The great big fat caveat to any discussion about economics today is COVID. Inflation has hit the entire world, and in many countries it’s far worse than our 8.3%. This seems to suggest supply chain issues created the shortages that drove up prices — not to mention Putin’s disastrous war, which has amplified about every negative trend imaginable.

Economists are nothing if not a confident lot (experience might suggest otherwise), but for the first time in memory there seems to be genuine befuddlement about what will come next. If you are the cautiously optimistic type who believes history will be a guide, you put the odds of recession at about 50-50, with a bump in unemployment yet to come, along with declining prices somewhat offset by higher interest rates.
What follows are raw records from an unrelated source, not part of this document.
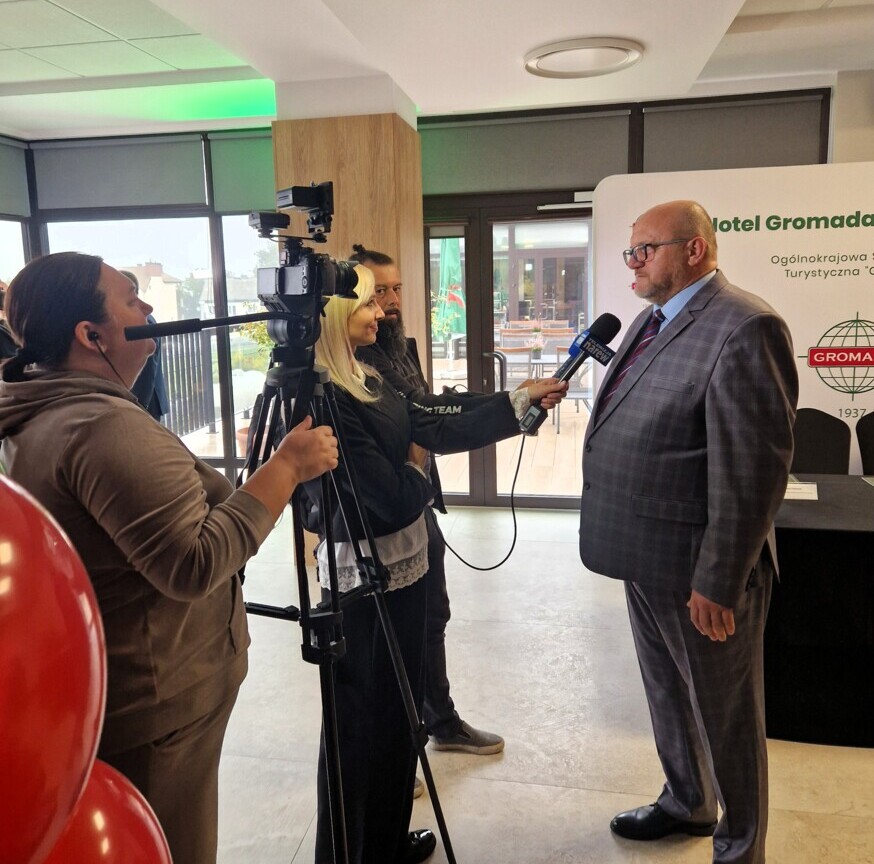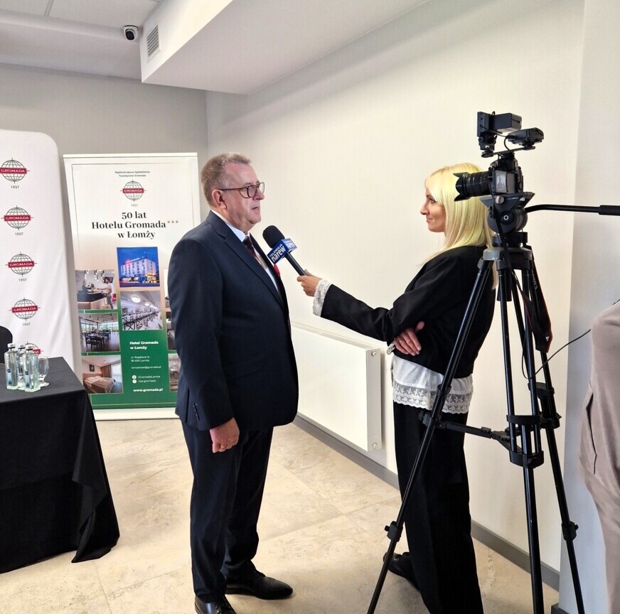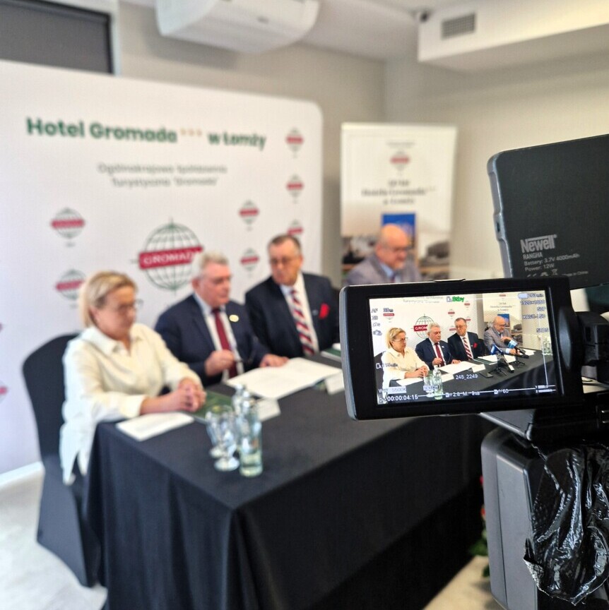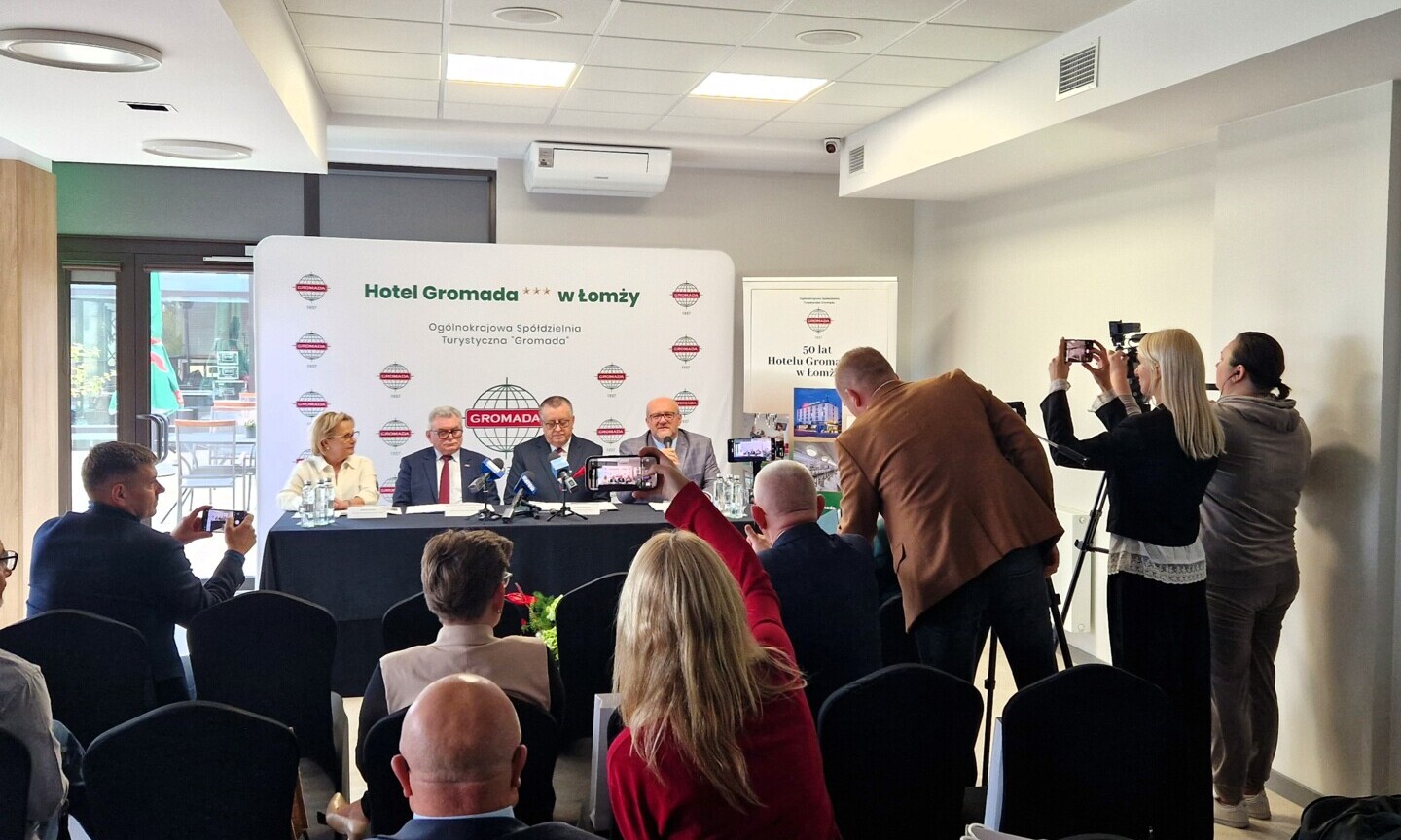 Die Jubiläumsfeier zum 50-jährigen Bestehen des Hotels Gromada in Łomża begann mit einer Pressekonferenz. Daran nahmen teil: der Vorsitzende des Organisationskomitees der Feierlichkeiten, der Direktor des Hotels Gromada in Łomża – Wieńczysław Targ, der Vorstandsvorsitzende der OST Gromada – Krzysztof Moczulski, der Vorstandsvorsitzende des Nationalen Genossenschaftsrates – Dr.-Ing. Mieczysław Grodzki sowie die Aufsichtsratsvorsitzende der OST Gromada – Barbara Tomczyk. Die Konferenz wurde bereits von TVP3 und Telewizja Narew übertragen, und unter den Teilnehmern befanden sich über 15 Journalisten aus Fach- und Regionalmedien. Das Treffen bot Gelegenheit, über die Bedeutung des renovierten Hotels Gromada in Łomża für die Entwicklung und Förderung der Region, über die Zukunft des Gromada-Netzwerks sowie über das Internationale Jahr der Genossenschaften unter dem Motto „Genossenschaften bauen eine bessere Welt“ zu sprechen.
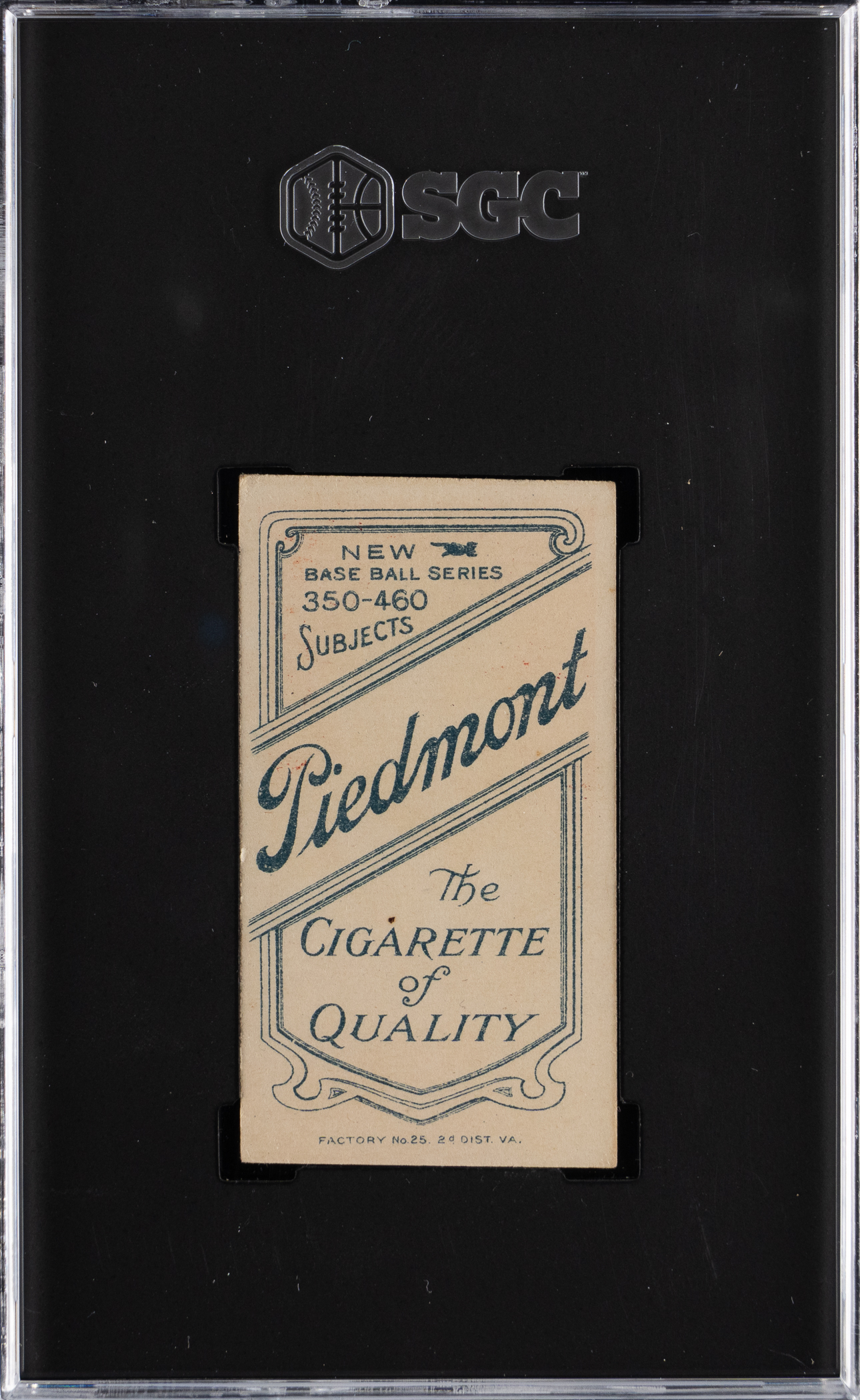 Graded VG/EX+ 4.5 by SGC. A bemused "Muggsy" is front-and-center on the offered 1909-1911 T206 White Borders John McGraw "Portrait, with Cap" pose. This colorful illustration is crease-free with bold surface colors and slightly touched corners. A slight diamond cut does not seriously impact this relic's overall presentation. Piedmont 350-460 Subjects (Factory 25) back.
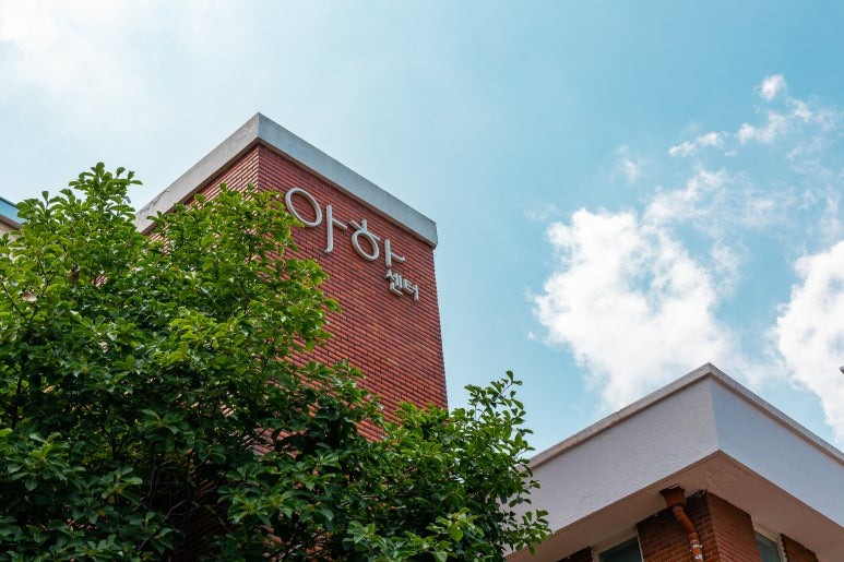 아하!센터는 정문에 작은 정원이 있어요.

Those rates will make it harder to buy a house, but the recent run-up in prices have all but made them unattainable anyway. No harm no foul. The stock market, meanwhile, is in one of those once-in-a-generation buying opportunities that by 2040 will have minted a new crop of 401(k) millionaires. Nothing looks so out-of-kilter that some bubble or another is ripe for busting.

Over the past 18 months, nothing we have expected to happen economically has happened. We thought COVID would cause a major global slump. We thought people would end up out of work, with nothing to spend. Thanks to stimulus, changing consumer habits and remote work, it didn’t happen.

So who knows, in this peculiar economic environment, Reaganomics may even work. There’s a first time for everything.

Tim Rowland is a Herald-Mail columnist.